Daniel Pearl |
Some of the 14 men who are known to have played a role in the death of Mr. Pearl, a reporter for the Wall Street Journal, proceeded to commit other terror attacks in Pakistan, including the attack on an American hotel in Karachi in which 11 French engineers and the attempted assassination of the former president, Gen. Pervez Musharraf, the report says.
A senior Pakistani law enforcement official who was closely involved in the Pearl case and worked with American investigators confirmed in an interview Thursday that the 14 men had not been prosecuted.
The Pakistani official, who declined to be named because he said he received death threats from the militants, said there was “sufficient evidence to link them to Pearl’s case.”
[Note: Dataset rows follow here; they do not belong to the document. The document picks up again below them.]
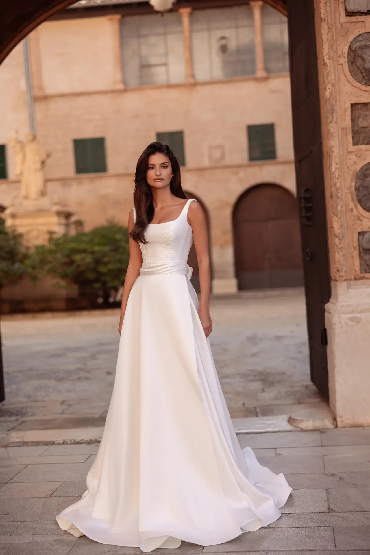 Modern szögletes nyakkivágás: A strukturált mikádó felsőrész tiszta, szögletes nyakvonala (square neckline) és a széles pántok rendkívül divatos, határozott keretet adnak a dekoltázsnak. Ez a megoldás a 2026-os év egyik legnagyobb kedvence.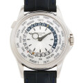 - 世界を飛び回る旅行者のために製作された時計「ワールドタイム」。こちらのモデルはホワイトゴールド製のケースです。文字盤には世界24都市の名前が刻まれており、10時位置のプッシュボタンで各都市の時間を設定することが可能です。また、初代モデルはケースサイズ37mmでしたが、こちらのモデルは39.5mmとなっております。キャリバーは240HU。3気圧防水対応。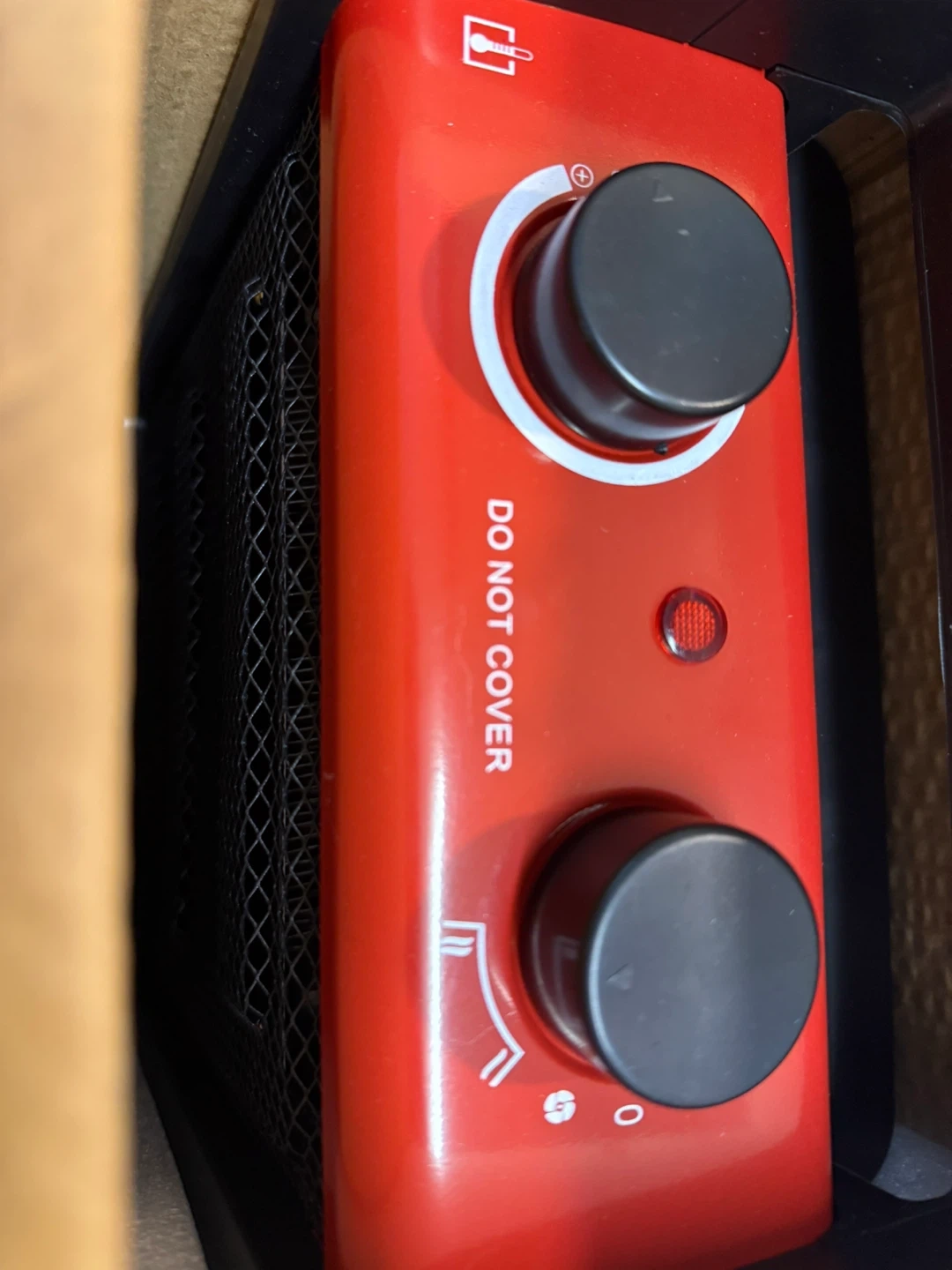 This Konwin utility heater has two heat settings: High (1500W) and Low (750W). It features an adjustable thermostat and a fan-only option. Built-in safety features include overheat protection and auto shut-off.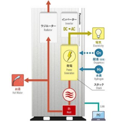 2009 年,松下推出了世界上第一個(gè)家用燃料電池?zé)犭娐?lián)產(chǎn)系統(tǒng) ENE-FARM*3,該系統(tǒng)使用從天然氣中提取的氫氣來發(fā)電。10 多年來,該公司通過提高其電氣效率和運(yùn)行時(shí)間以及使其更緊湊來發(fā)展 ENE-FARM。同時(shí),為迎接氫能社會(huì)的到來,松下也同步進(jìn)行純氫燃料電池發(fā)電機(jī)的研發(fā),從外界直接供應(yīng)氫氣作為燃料發(fā)電。該公司于 2012 年在日本中部山梨縣甲府市推廣可再生能源設(shè)施 Yume Solar Kan Yamanashi 開始,在日本各地對(duì)此類發(fā)電機(jī)進(jìn)行了現(xiàn)場(chǎng)測(cè)試。

“This is a one million dollar question as to where there people are and why they weren’t arrested or tried in this case,” the law enforcement official said. All of the 14 men had committed “major acts of terrorism” in the next four or five years, the official said.
The murder of Mr. Pearl has been extensively documented and discussed as an emblem of the post 9/11 era. A Hollywood movie, A Mighty Heart with Angelina Jolie, popularized the case.
But unanswered questions persisted, gaps that the new report based on investigative work by students and faculty at the journalism program of Georgetown University and the International Consortium of Investigative Journalists attempts to fill.
Mr. Pearl was kidnapped in Karachi on Jan. 23, 2002 as he was pursuing a story about Islamic extremism and was beheaded in early February.
A British Pakistani, Omar Sheikh, and three others were convicted and sentenced to death by a Pakistani court in July 2002. These four men remain in jail in Pakistan.
They were involved in the plot to abduct Mr. Pearl, but were not responsible for his actual murder in a compound deep in the slums of Karachi, the report says.
In 2007, the Qaeda operative Khalid Sheikh Mohammed who is awaiting trial for the 9/11 attacks, confessed to carrying out Mr. Pearl’s murder, according to a transcript of a hearing released by United States officials. Mr. Mohammed has not been indicted for the Pearl murder, the report says.
A comparison of the photograph of the veins in the hand that beheaded Mr. Pearl shown in a video of his death and a study of the veins in Mr. Mohammed’s hand taken at Guantanomo Bay showed that Mr.Mohammed had indeed killed Mr. Pearl, the report says.
The murder of Mr. Pearl melded together operatives of Al Qaeda with technically proficient Pakistani militant groups, a combination that turned out to be the beginnings of a lethal alliance that grew stronger and has tormented Pakistan ever since, the findings show.
“The murder was the first known operation in which Pakistani militants collaborated with Al Qaeda,” the report says.
One of the militant groups involved in Mr. Pearl’s murder, Lashkar-e-Janghvi became a key player in the Punjabi Taliban, a loose confederation of militant groups now holed up with Al Qaeda in the Pakistani tribal area of North Waziristan. Those groups are now major targets of American drone attacks.
Lashkar-e-Janghvi masterminded the commando-style assault on the Pakistan army headquarters in October 2009 that deeply embarrassed the Pakistani military. The attack was run by a wing of Lashkar-e-Janghvi named after Amjad Farooqi who was identified by Pakistani authorities as one of Mr. Pearl’s kidnappers. Mr. Farooqi was killed in a shootout in southern Pakistan in 2004.
Among the 14 men who remain free , the report names Abdul Hayee.
In 2003, Mr. Hayee was arrested for killing six Shia, the minority Islam sect in Pakistan. He was acquitted and lives in the province of Punjab, according to a Pakistani police official interviewed for the report.
Another militant, Mohammad Sohail, who worked with Mr. Farooqi on the Pearl abduction, was sentenced to death in 2003 for his role in the 2002 bombing of the Sheraton Hotel in Karachi that killed 11 French engineers, the report says. He was acquitted on appeal in 2009, and is now free, according to the report.
Another militant, Malik Tassadaq Hussain, who the report says took photos of Mr. Pearl that were distributed in an email during his captivity, was arrested in 2004 but never charged. He was later charged for an attack on a police van and acquitted in 2007, the report says.
A Pakistani lawyer, Ahmer Bilal Soofi, who has studied Pakistan’s anti-terrorism laws, said the laws were deeply flawed, and many cases were thrown out of court for lack of evidence. Police officers were rarely given enough time or resources to carry out proper investigations, especially in high profile cases, he said.
“An investigating officer just throws whatever evidence he has in court,” Mr. Soofi said. “His superior lauds him and says we’ve taken the case to court. But in the process they have compromised the case.”